REPORTS & PUBLICATIONS
ORCA Computing Demonstrates Scalable Quantum Memory
Scalable quantum memories with high efficiency and bandwidth are a critical requirement for realizing a large-scale photonic quantum computer. ORCA Computing has published new research demonstrating a cavity-enhanced quantum memory that dramatically reduces the size and power requirements of a critical component for photonic quantum computers.
What are these devices?
- Quantum memories are systems that store and retrieve quantum states of light, which is essential for synchronizing operations such as entanglement. However, conventional quantum memory designs require high-power lasers, complex optical configurations, and large components, making them impractical to scale to the thousands of memories needed for fault tolerance.
- An optical cavity is a structure that confines light between mirrors, causing it to bounce back and forth multiple times.

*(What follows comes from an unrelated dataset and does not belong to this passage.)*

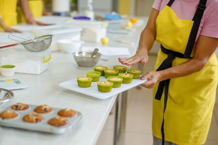 Confectioner took out freshly baked muffins in a baking dish on the table from the oven.

This enhances light-matter interactions – in our experiments, we use a rubidium vapor cell within the optical cavity to achieve this.
ORCA’s research demonstrates key breakthroughs:
- Order-of-magnitude reduction in power and size through cavity enhancement.
By placing the quantum memory inside an optical cavity, we can still achieve strong light-atom interactions with control pulse energies ten times lower than standard designs. The cavity also enables a more compact design with reduced footprint, critical for building large arrays of memories. - Reducing infrastructure needed for memory units.
Our innovative design achieves high-performance operation without requiring additional high-power lasers—a breakthrough that dramatically reduces the complexity and cost of each memory unit. - High-efficiency, low-noise operation at room temperature. Our cavity-enhanced design dramatically reduces laser power consumption and substantially decreases physical footprint compared to conventional memories.
Why does this matter?
Building a practical photonic quantum computer requires thousands of quantum memories, a scale that’s impossible with current technology. Our cavity-enhanced approach solves this scalability challenge.
By dramatically reducing power requirements and physical footprint, we’ve created quantum memories that can be manufactured as compact, rack-mounted arrays.
This positions ORCA to build the large-scale photonic quantum computers needed for commercially valuable applications and systems with the memory resources to run complex algorithms while maintaining the practical advantages of room-temperature operation and compatibility with existing fibre-optic networks.